Michael Gove, the most senior UK cabinet minister, said that talks with the EU had ‘effectively ended’.
As a result, Sterling traders are becoming more worried that Downing Street could be maintaining its hard stance, and could be pushing the UK towards an Australian-style Brexit.
However, a glimmer of hope appeared after Michel Barnier, the EU’s Chief Negotiator, said:
‘We should be making the most out of the little time left. Our door remains open.’
Meanwhile, the Bank of England (BoE) has made further hints of taking interest rates into negative territory.
BoE policymaker, Gertjan Vlieghe, commented today:
‘My own view is that the risk that negative rates end up being counterproductive to the aims of monetary policy is low. Since it has not been tried in the UK, there is uncertainty about this judgment, and the MPC is not at a point yet when it can reach a conclusion on this issue.
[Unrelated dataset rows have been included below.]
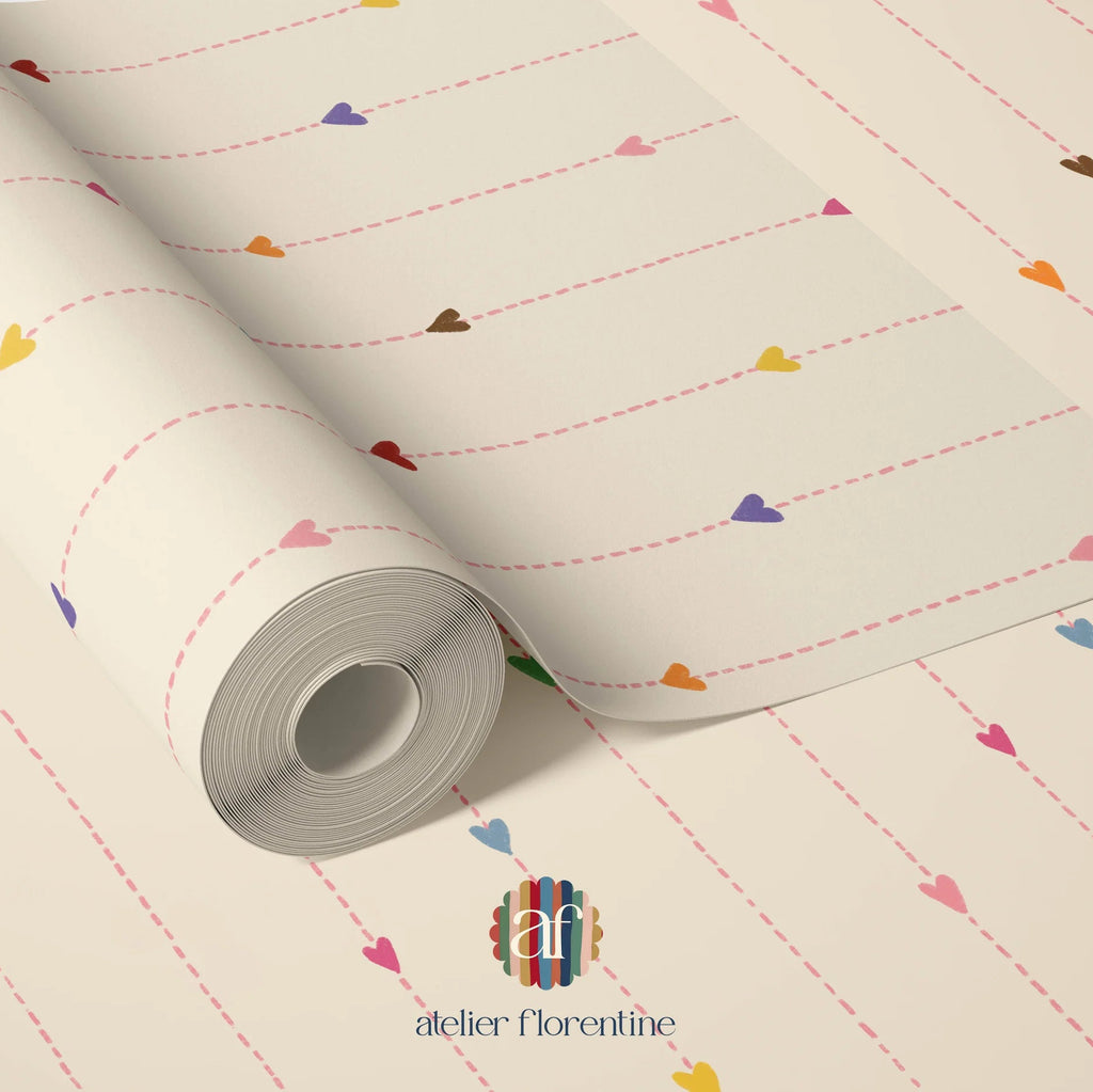 Bringen Sie damit einen Hauch von Liebe ins Kinderzimmer Regenbogen Herzen-Hintergrundbild von Atelier Florentine. Dies Kindertapete mit Herzen verbindet Einfachheit mit Fröhlichkeit und schafft sofort eine fröhliche, liebevolle Atmosphäre. Die kleinen farbigen Herzen verleihen jeder Wand einen verspielten Akzent, perfekt für einen Mädchenzimmer, Babyzimmer oder Kleinkinderzimmer.
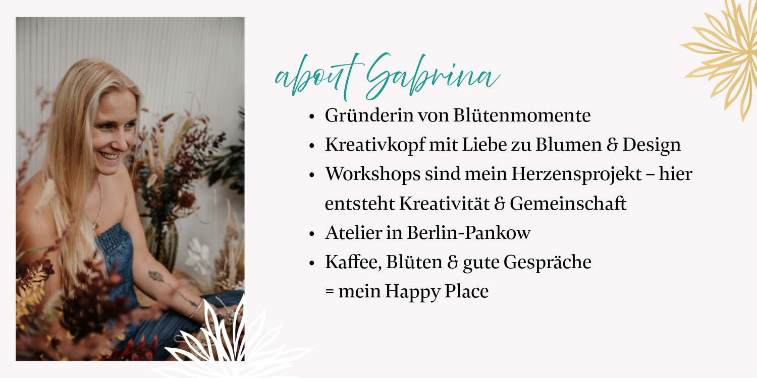 Sabrina von Blütenmomente – kreative Floristin und Gründerin aus Berlin-Pankow, spezialisiert auf DIY Workshops wie Blumenkranz, Trockenblumen- und Kerzen-Workshops
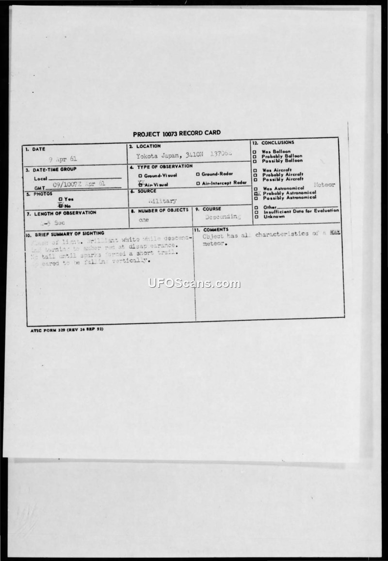 Project 10073 Record Card — Yokota, Japan, 9 April 1961

‘But given how low short-term and long-term interest rates already are, headroom for monetary policy is limited, and we must consider ways to extend that headroom.’
Consequently, this has sparked fears for the British economy, which looks increasingly set for a severe downturn in the winter months.
GBP/CHF Forecast: Could Talk of Negative Interest Rates Further Boost the Swiss Franc this Week?
Pound (GBP) traders will be looking ahead to tomorrow’s release of September’s UK Consumer Price Index figure.
Any improvement in the UK’s economic outlook would prove GBP-positive.
However, Brexit developments will continue to drive the GBP/CHF exchange rate. As a result, we would see Sterling suffer further if Downing Street maintains its hard stance on a post-Brexit trade deal.
Meanwhile, the Swiss Franc (CHF) will be driven by global risk sentiment.
The GBP/CHF exchange rate would continue to fall if global banks continue to drop hints of taking interest rates into negative territory.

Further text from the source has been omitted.